Copy out the full data exactly as given; pictures should not be included.

• Given material:
--- START ---

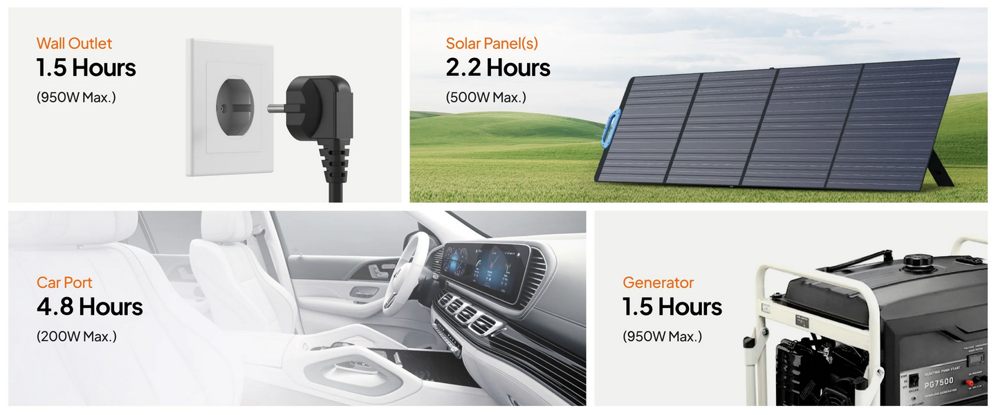 AC70P gives you the freedom to recharge your devices in any way you prefer: wall charging, solar charging, car charging, generator charging, or LiFePO₄ battery charging. Whether you are at home, on the road, or outdoors, you can always find a suitable power source for AC70P.
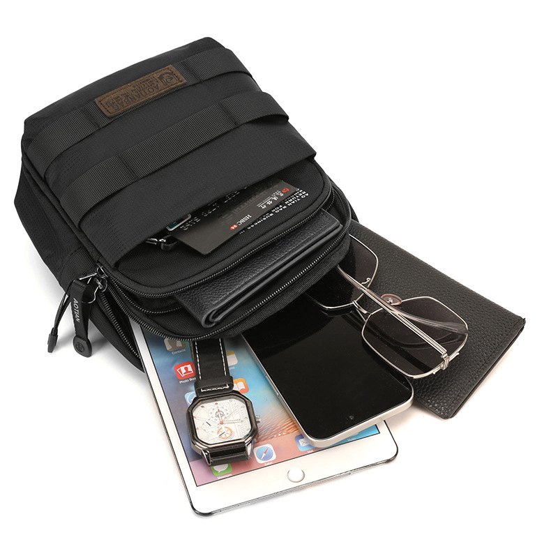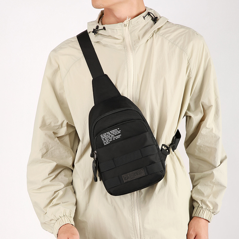 胸包男款男士运动休闲胸前包帆布单肩小背包牛津布黑色斜挎包男
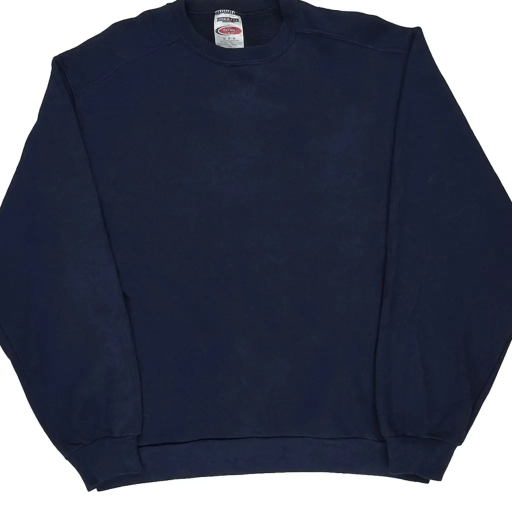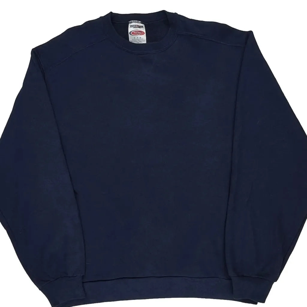 90S Blank Jerzees Sweatshirt - Medium Navy Cotton Blend
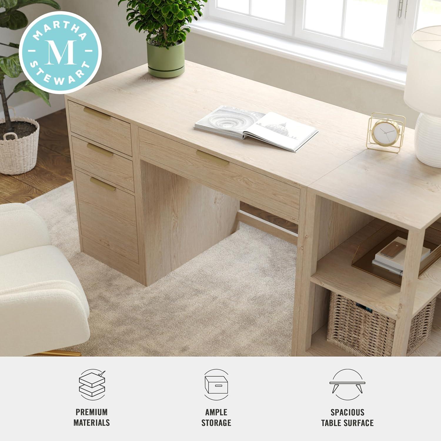 Elevate your home office with the functionality and sophistication of the Martha Stewart Kayden Home Office Desk, Two-Tier Shelf, and File Cabinet. A simple yet stunning design, highlighted by clean lines and complementary hardware, enhances any creative headquarters with eye-catching charm. A center pull-out desk drawer, the shelfs two tiers of open storage, and the file cabinets two pull-out drawers and larger bottom drawer that is customizable to hold either letter-size or legal-size hanging folders provide ample space to effortlessly keep your work surface clean and organized. Part of our modular collection, this three-piece set can be used alone or further enhanced with additional pieces to craft a custom arrangement that fits any workspace's needs. The drawer glides are pre-assembled to save time during assembly, which is made easy with the included step-by-step instructions and cleanup is easily accomplished with a damp cloth.

--- END ---

• Completed exercise:
 AC70P gives you the freedom to recharge your devices in any way you prefer: wall charging, solar charging, car charging, generator charging, or LiFePO₄ battery charging. Whether you are at home, on the road, or outdoors, you can always find a suitable power source for AC70P.
 胸包男款男士运动休闲胸前包帆布单肩小背包牛津布黑色斜挎包男
 90S Blank Jerzees Sweatshirt - Medium Navy Cotton Blend
 Elevate your home office with the functionality and sophistication of the Martha Stewart Kayden Home Office Desk, Two-Tier Shelf, and File Cabinet. A simple yet stunning design, highlighted by clean lines and complementary hardware, enhances any creative headquarters with eye-catching charm. A center pull-out desk drawer, the shelfs two tiers of open storage, and the file cabinets two pull-out drawers and larger bottom drawer that is customizable to hold either letter-size or legal-size hanging folders provide ample space to effortlessly keep your work surface clean and organized. Part of our modular collection, this three-piece set can be used alone or further enhanced with additional pieces to craft a custom arrangement that fits any workspace's needs. The drawer glides are pre-assembled to save time during assembly, which is made easy with the included step-by-step instructions and cleanup is easily accomplished with a damp cloth.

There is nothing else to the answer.